[Exercise] Return, unchanged and with no pictures, the lines below from the very first through the one that contains "型號(hào):LS型螺旋輸".

[Data block]
★ ★ ★

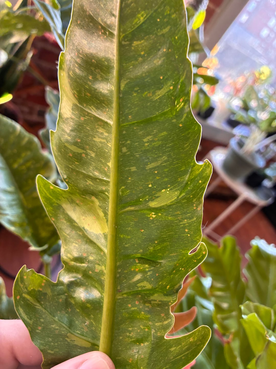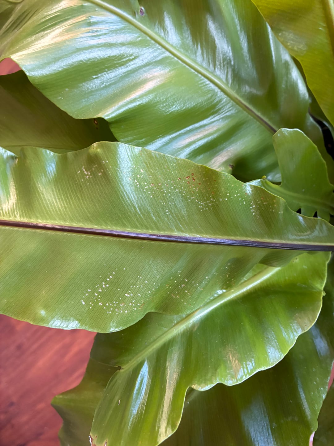 このシダの葉の下側には、鱗片やコナカイガラムシではなく、凹んだ小さな窪みがあります。私のリング・オブ・ファイア・フィロデンドロンでもそれらに気づきました
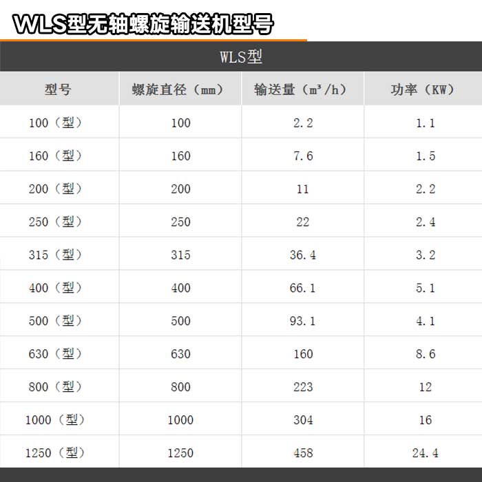 型號(hào):LS型螺旋輸送機(jī)以管徑為型號(hào):100mm,200mm,250mm,315mm,400mm,500mm,600mm等型號(hào)。
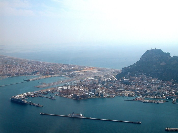 Gibraltar -North Front (GIB / LXGB) Airport overview with the runway 09/27 and the rocks of gibraltar on the right.

★ ★ ★

[Solved exercise]
 このシダの葉の下側には、鱗片やコナカイガラムシではなく、凹んだ小さな窪みがあります。私のリング・オブ・ファイア・フィロデンドロンでもそれらに気づきました
 型號(hào):LS型螺旋輸送機(jī)以管徑為型號(hào):100mm,200mm,250mm,315mm,400mm,500mm,600mm等型號(hào)。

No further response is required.